*** ENTRIES SUPPLIED ***

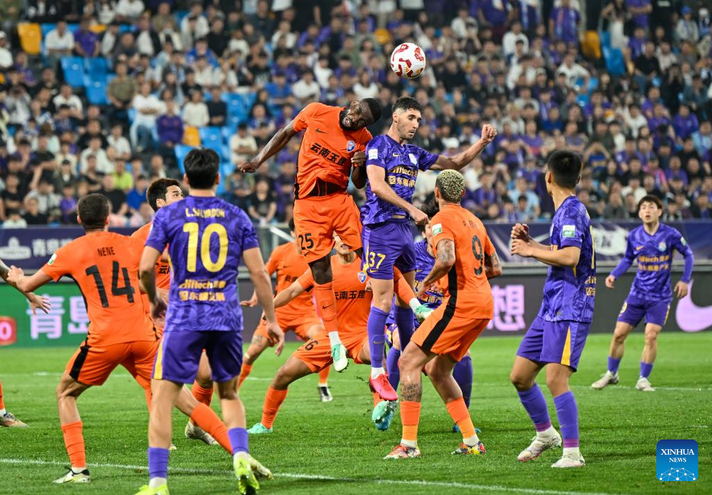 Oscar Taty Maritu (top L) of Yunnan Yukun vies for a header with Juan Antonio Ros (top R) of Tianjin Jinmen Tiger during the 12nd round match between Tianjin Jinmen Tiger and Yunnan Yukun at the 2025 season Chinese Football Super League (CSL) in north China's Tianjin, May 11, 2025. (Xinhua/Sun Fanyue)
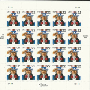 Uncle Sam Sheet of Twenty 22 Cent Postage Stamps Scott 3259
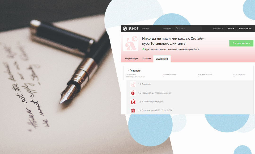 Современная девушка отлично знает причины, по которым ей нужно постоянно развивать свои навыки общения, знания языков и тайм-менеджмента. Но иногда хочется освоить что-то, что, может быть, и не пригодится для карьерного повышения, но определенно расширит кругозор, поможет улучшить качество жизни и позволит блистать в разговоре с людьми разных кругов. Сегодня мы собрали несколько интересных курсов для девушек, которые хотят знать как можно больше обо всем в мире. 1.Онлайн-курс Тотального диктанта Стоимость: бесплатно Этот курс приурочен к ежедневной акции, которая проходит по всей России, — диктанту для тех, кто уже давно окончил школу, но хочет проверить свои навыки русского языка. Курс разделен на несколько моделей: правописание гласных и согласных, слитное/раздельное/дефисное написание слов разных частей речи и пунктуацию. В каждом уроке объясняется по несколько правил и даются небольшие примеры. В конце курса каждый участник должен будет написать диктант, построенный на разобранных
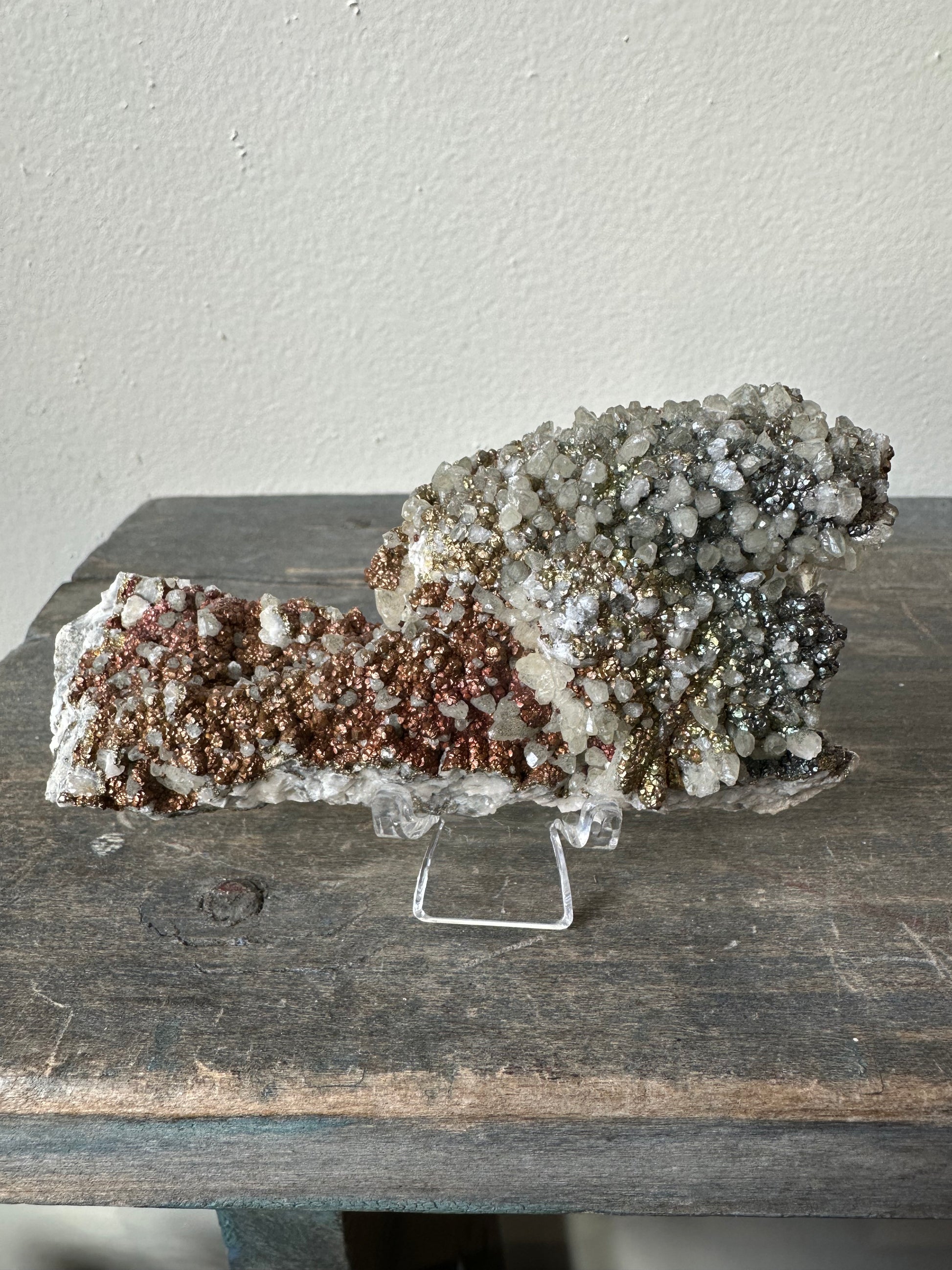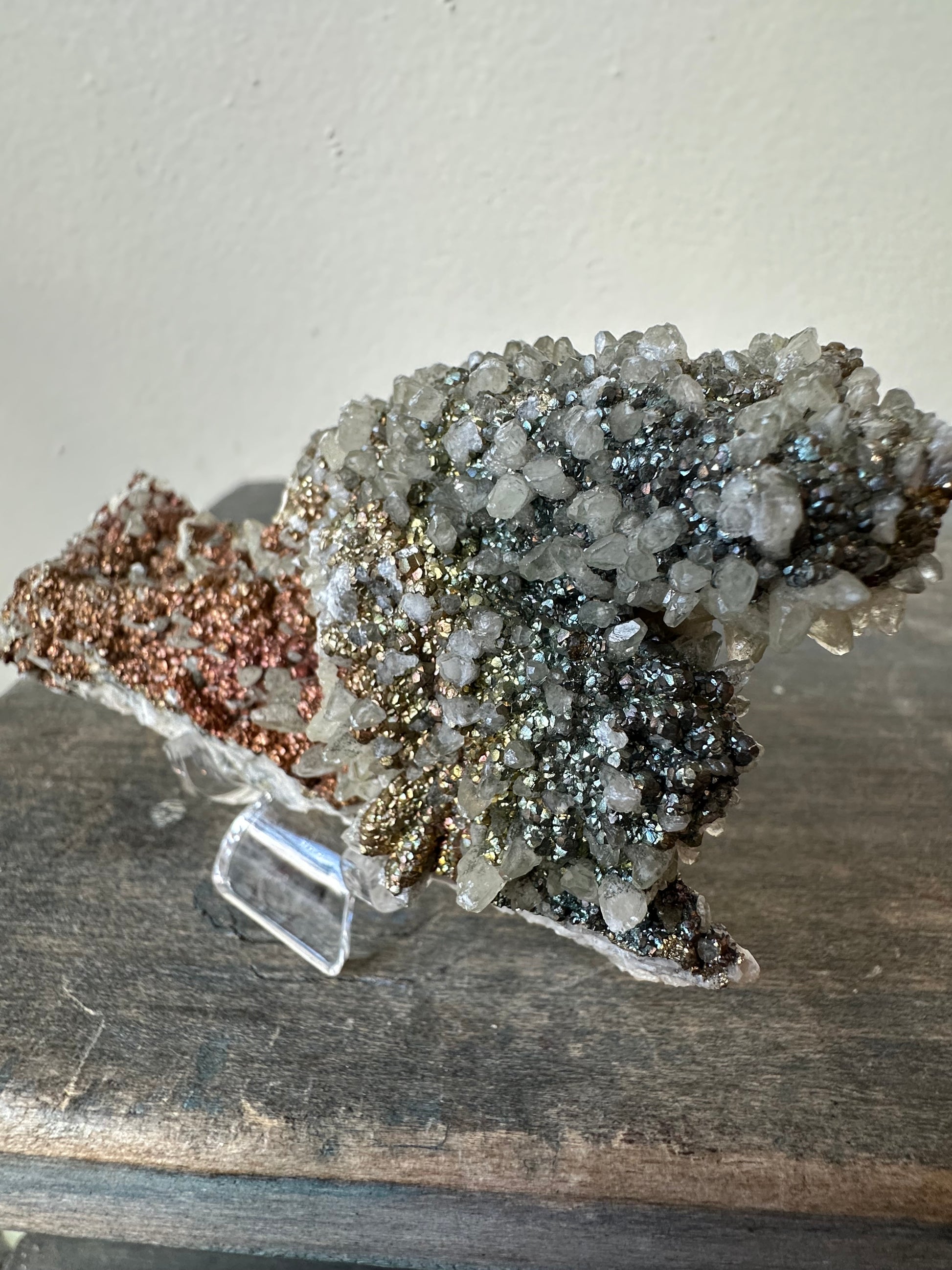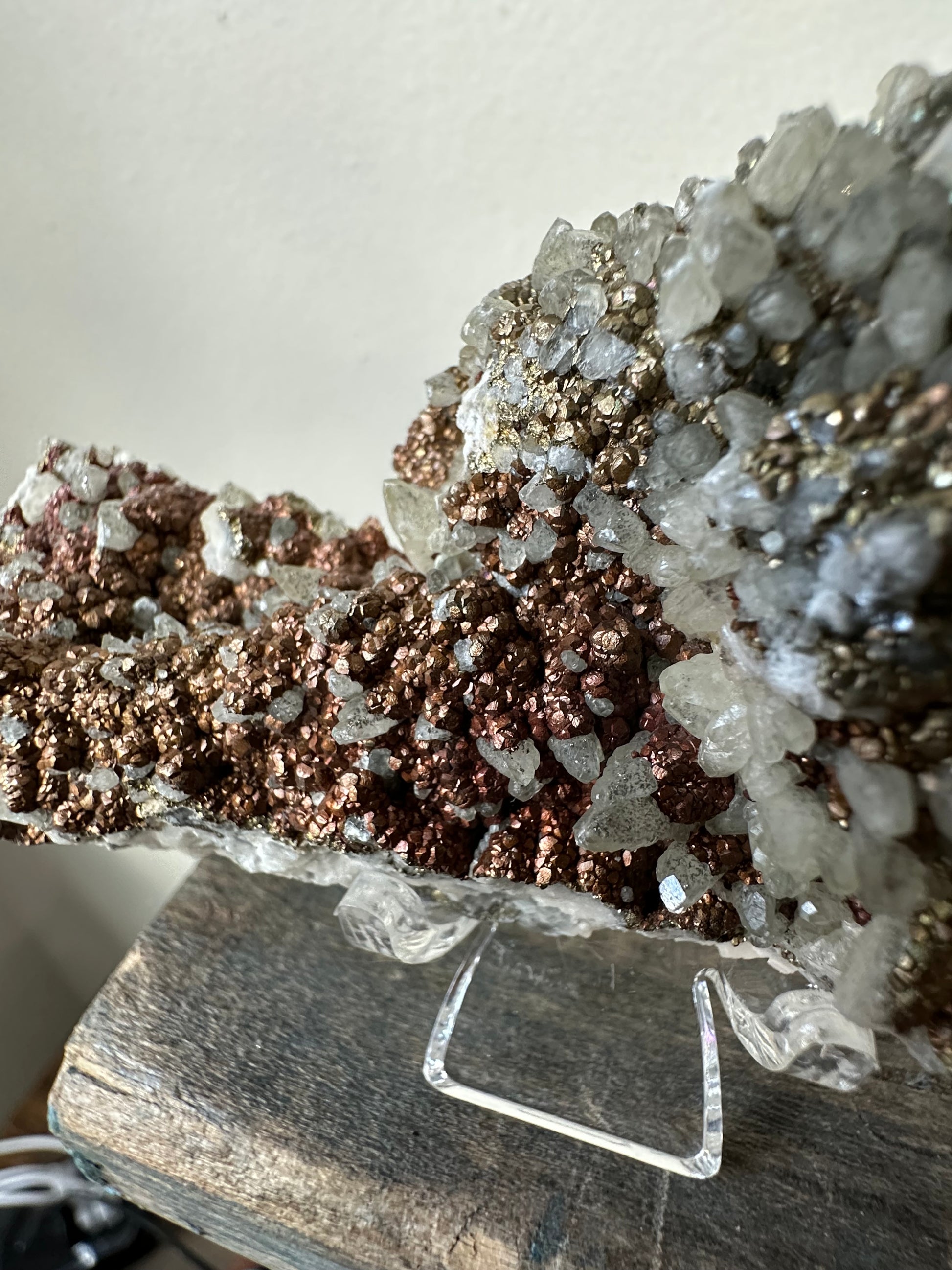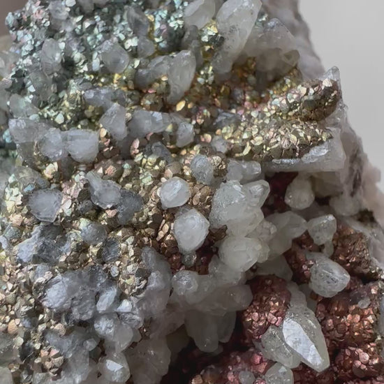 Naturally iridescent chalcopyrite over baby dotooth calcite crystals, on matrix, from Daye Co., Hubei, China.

*** End of ENTRIES SUPPLIED ***
*** ENTRIES SUPPLIED ***

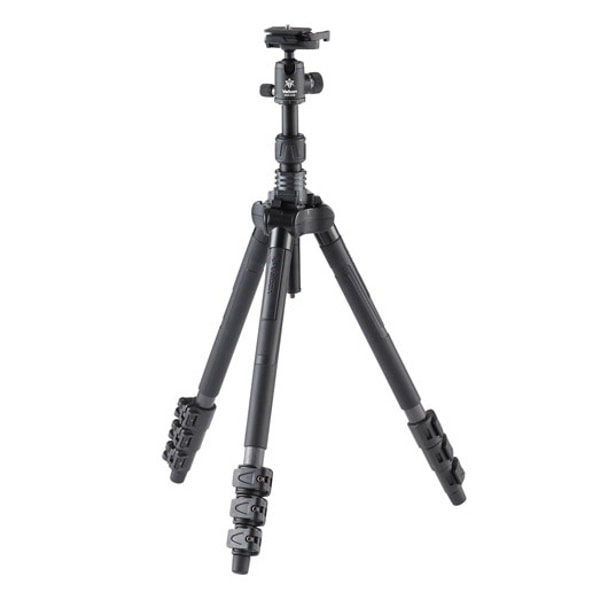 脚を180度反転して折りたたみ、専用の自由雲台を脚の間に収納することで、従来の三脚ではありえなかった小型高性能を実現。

*** End of ENTRIES SUPPLIED ***

An exact transcription is needed of the lines from the one with "Uncle Sam Sheet" to the one with "Современная девушка отлично" above, both ends included, with pictures left out.

◆ **RESPONSE BELOW**:
 Uncle Sam Sheet of Twenty 22 Cent Postage Stamps Scott 3259
 Современная девушка отлично знает причины, по которым ей нужно постоянно развивать свои навыки общения, знания языков и тайм-менеджмента. Но иногда хочется освоить что-то, что, может быть, и не пригодится для карьерного повышения, но определенно расширит кругозор, поможет улучшить качество жизни и позволит блистать в разговоре с людьми разных кругов. Сегодня мы собрали несколько интересных курсов для девушек, которые хотят знать как можно больше обо всем в мире. 1.Онлайн-курс Тотального диктанта Стоимость: бесплатно Этот курс приурочен к ежедневной акции, которая проходит по всей России, — диктанту для тех, кто уже давно окончил школу, но хочет проверить свои навыки русского языка. Курс разделен на несколько моделей: правописание гласных и согласных, слитное/раздельное/дефисное написание слов разных частей речи и пунктуацию. В каждом уроке объясняется по несколько правил и даются небольшие примеры. В конце курса каждый участник должен будет написать диктант, построенный на разобранных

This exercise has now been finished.